One of those times occurs when I’m writing and I must sully my keyboard with some of the naughty words with which my characters insist on expressing themselves. Shameful. They make me want to wash my keyboard and my fingertips with penicillin.
Then there are the times when I experience a twinge (more like a stab) of envy when another writer experiences publishing success of some kind. I always feel petty afterward, I always remove the pins from the little doll afterward, and I always repent and sincerely congratulate the successful author afterward.

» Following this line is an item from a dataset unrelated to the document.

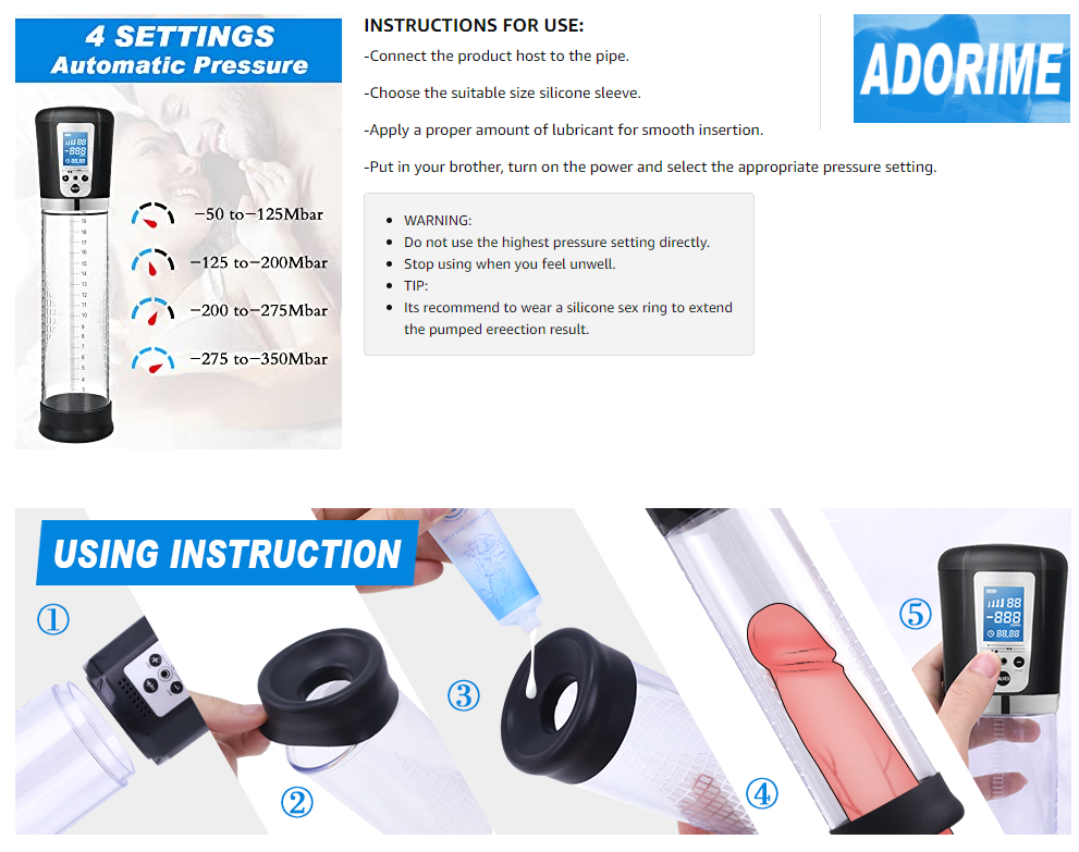 • Air pressure is generated in the tube to push the blood toward the cavernous. This will stimulate ereections and enlargement until reach the result you want. Make you more confident and perform better in sex. Enhance pleasure and prolong intimacy.

If I don’t go to Heaven, if I go in the other direction, I’m certain of the culprit: my writer’s mind. I don’t know if this happens to other writers, but my writer’s mind takes me elsewhere mentally no matter where I happen to be physically. I’m embarrassed to confess that I have been known to lose focus when I’m in church during Sunday mass. My writer’s mind wanders in the direction of my current work in progress. I find myself plotting when I should be praying. I’m hanging my head in shame as I write this, even though I know it is bound to happen again. ::sigh::
Macho Guy will be back from playing golf very soon, so I’m going to cut this short and get gussied up for my birthday dinner—and birthday cake, lots of chocolate birthday cake and ice cream. Mocha Almond Fudge, of course. Mmmmm. 
What? I forgot to tell you how old I am? Well, they say the memory is the first to go.